FREQUENTLY ASKED QUESTIONS ABOUT

MAGNETIC RESONANCE SPECTROSCOPY (MRS)

 

Bruce M. Damon, PhD

Vanderbilt University

Thomas B. Price, PhD, FACSM

Yale University

 

What do I need to know before reading these FAQs?

What is MRS used for?

Is it Magnetic Resonance Spectroscopy or Nuclear Magnetic Resonance Spectroscopy?

Which atomic nuclei are magnetic?

What are the components of an in vivo MR system?

How do you observe the nuclear magnetism?

What happens to the spins after you pulse them with the RF magnetic field?

Does the MR signal persist forever?

Do the spins remain in the transverse plane forever?

How is the signal processed?

How is MRS used to determine chemical structures?

How is chemical shift measured?

How are chemical concentrations measured?

What are some other common MRS terms?

What can be measured with ¹H MRS?

What can be measured with ³¹P MRS?

What can be measured with ¹³C MRS?

What are some the main biomedical MRS journals?

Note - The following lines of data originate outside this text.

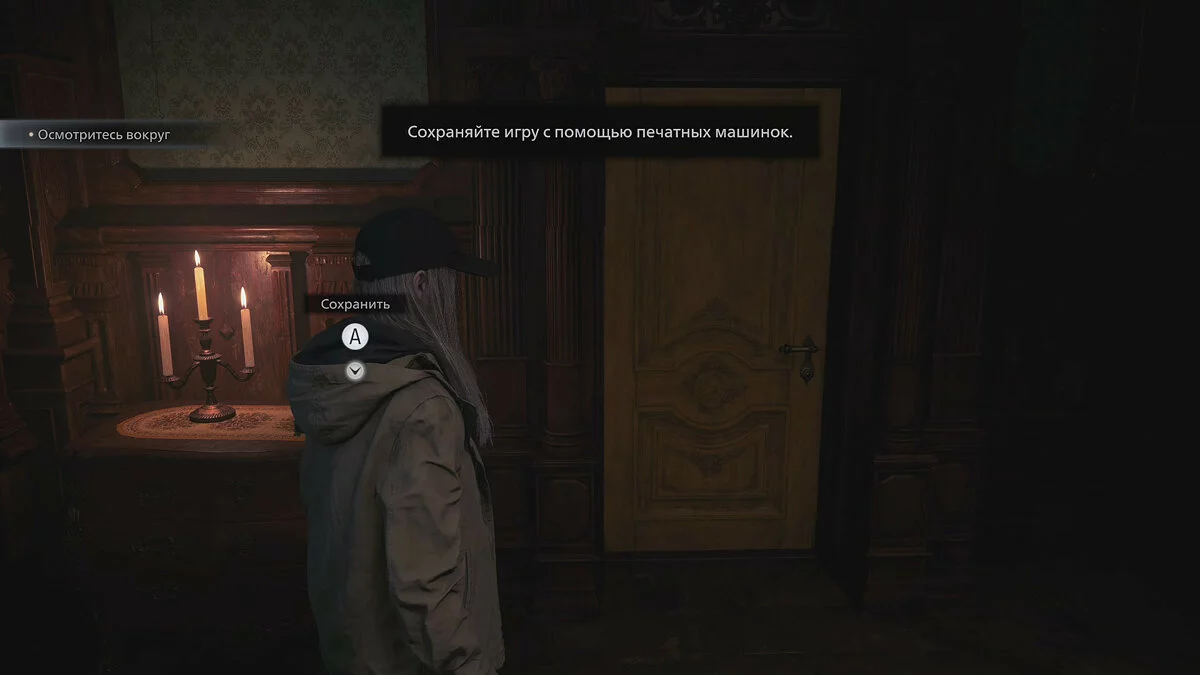 После видеоролика сохраняемся при помощи печатной машинки. Проходим через жёлтую дверь.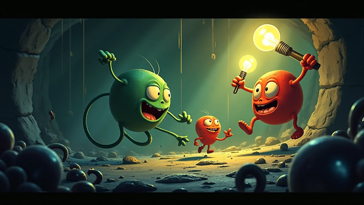 — Получайте, подделки! — вопил Шримпо, размахивая тяжёлым гаечным ключом. Он не просто отбивался — он защищал своих друзей. Каждый раз, когда чернильная масса пыталась подобраться к Гобу со спины, Шримпо оказывался рядом, разбивая тёмные сгустки точными ударами.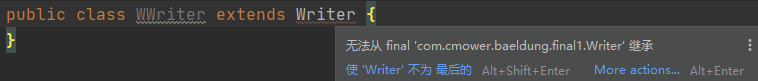 }“尝试去继承它,编译器会提示以下错误,Writer 类是 final 的,无法继承。”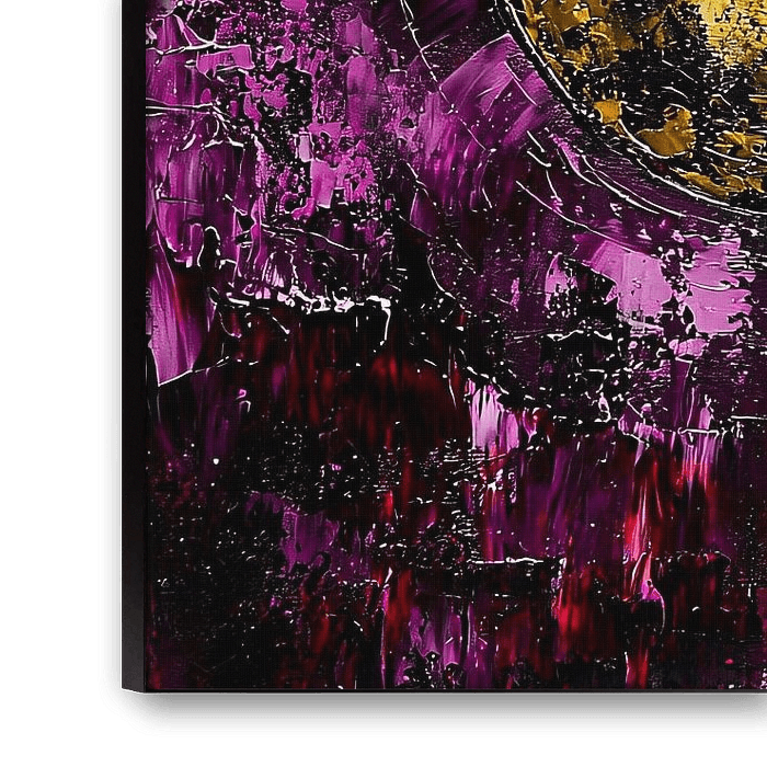 A sophisticated abstract artwork that combines strength and elegance. This design shows a striking golden circle reminiscent of a moon, surrounded by dynamic purple and black tones. The whole piece exudes energy and luxury, while the subtle geometric patterns in the design add a modern touch. Ideal as a statement piece in a living room or office space, this artwork suits contemporary decor and adds depth and character to any space. Perfect for lovers of abstract and modern art looking for something unique.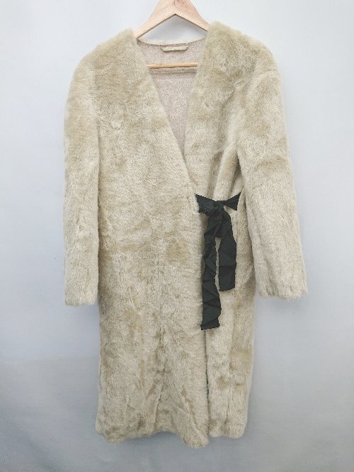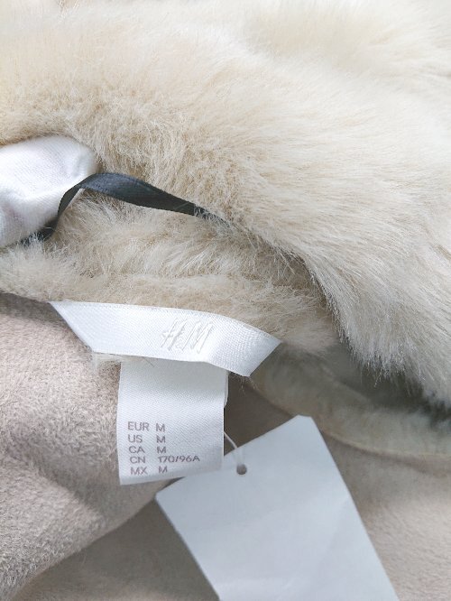 ■ H&M エイチアンドエム フェイクファー ボタンレス 長袖 ノーカラー コート サイズEUR M US M ベージュ レディース P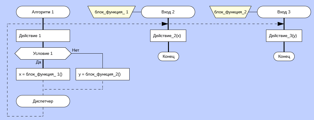 Но потом я понял, что такие дополнительные детали добавлять в язык не надо. Поясню. Вы ожидаете, когда пользователь нажмёт кнопку, в иконе Ввод. Этого события можно ждать год. Поэтому TAU говорит: рисуй пунктир! Покажи, что алгоритм здесь залипает! Владимир Ситников добавляет: хочу видеть, когда управление переходит диспетчеру! Покажи это на схеме!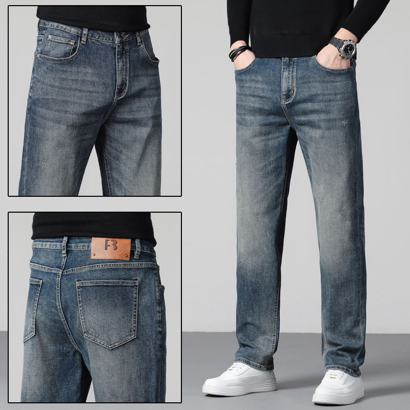 Logo personnalisé Nouveau haut de gamme nostalgique bleu ample et confortable jeans hommes jambe droite pantalons décontractés hommes été mince pantalon
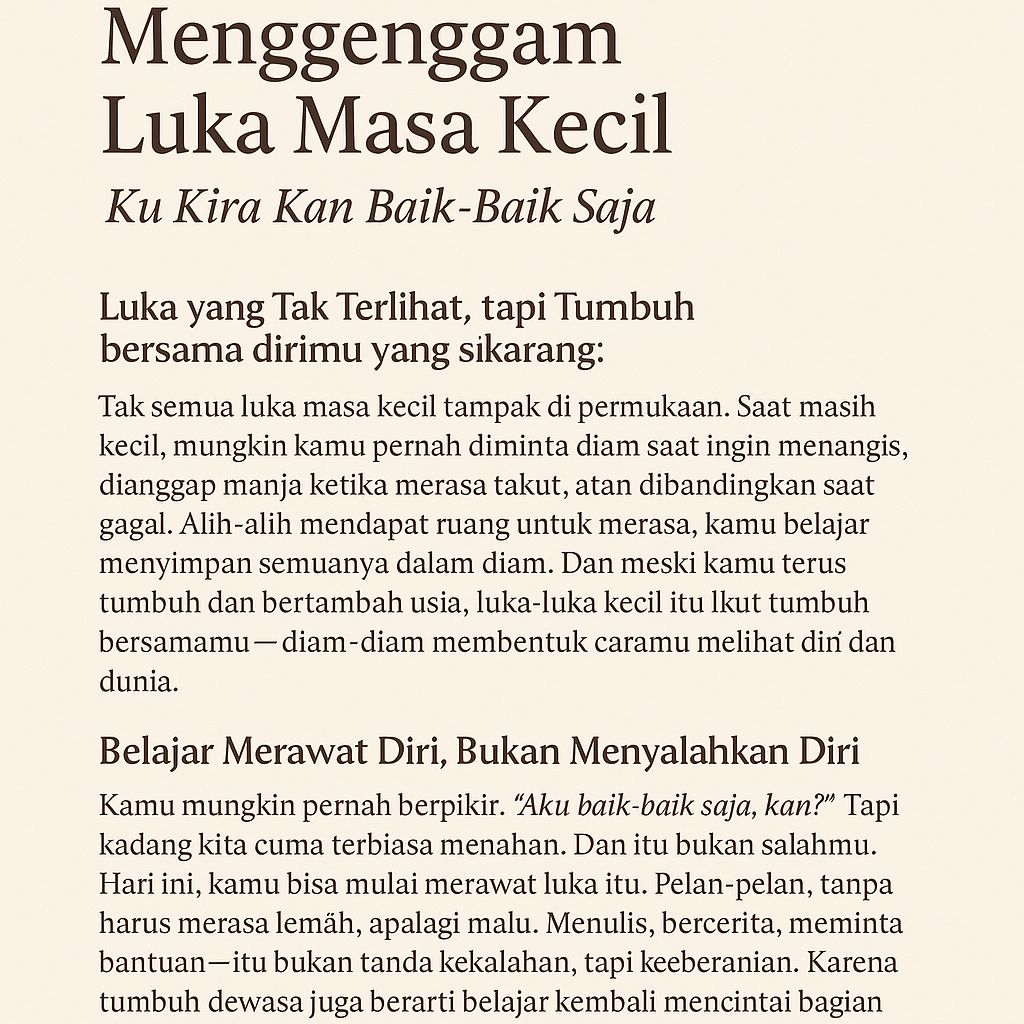 Kamu mungkin pernah berpikir: “Aku baik-baik saja, kan?” Tapi kadang kita cuma terbiasa menahan. Dan itu bukan salahmu. Hari ini, kamu bisa mulai merawat luka itu. Pelan-pelan, tanpa harus merasa lemah, apalagi malu. Menulis, bercerita, meminta bantuan—itu bukan tanda kekalahan, tapi keberanian. Karena tumbuh dewasa juga berarti belajar kembali mencintai bagian dirimu yang dulu tidak sempat didengar.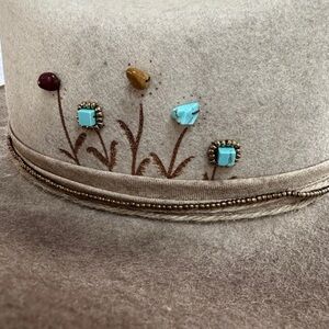 Features a dipped crown, layered ribbon band, subtle ombré coloration, and stone-adorned floral stitching along the side. Fully lined interior for comfort.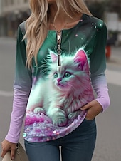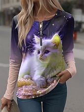 Жен. Футболка Графика Животное Винтаж На каждый день Длинный рукав Вырез под горло Зубчатая шея Обычные топы Повседневные выходные Молния С принтом Розовый Лиловый Зеленый Весна Осень Зима #19052528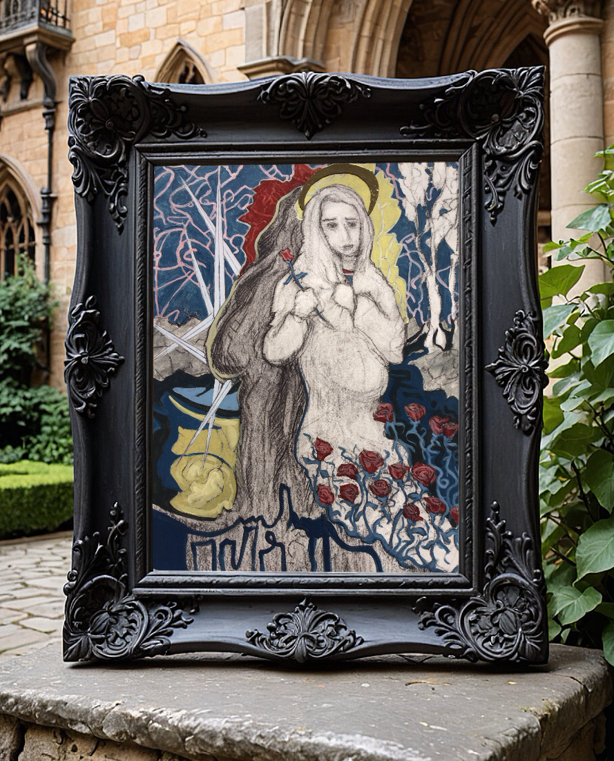In the quiet depths of twilight, The Virgin Mother emerges, heavy with promise and full of grace.  Her eyes are set forward, carrying the gaze of one who sees beyond the path beneath her feet.  Her steps are gentle, yet they cleave open the world, for each motion carries a weight that creation itself leans upon…. See the rest of the narrative at: https://pictorislore.com/
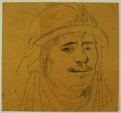 Mannenkop met helm (Naar één van de achterste figure...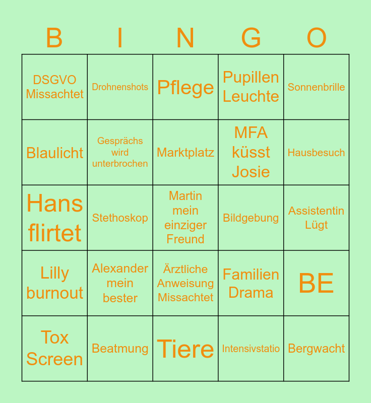 This bingo card has a free space and 24 words: Alexander mein bester, Beatmung, Marktplatz, Tox Screen, Sonnenbrille, DSGVO Missachtet, Blaulicht, Drohnenshots, Bildgebung, Ärztliche Anweisung Missachtet, MFA küsst Josie, Hans flirtet, Familien Drama, BE, Gesprächs wird unterbrochen, Intensivstatio, Assistentin Lügt, Pflege, Hausbesuch, Stethoskop, Bergwacht, Lilly burnout, Pupillen Leuchte and Tiere.

Where can I go for more information?

 

What do I need to know before reading these FAQs?

You should be generally familiar with the principles of electricity, magnetism, and nuclear physics that would be taught in an introductory college Physics course and with the principles of atomic and molecular structure that would be taught in an introductory college Chemistry course.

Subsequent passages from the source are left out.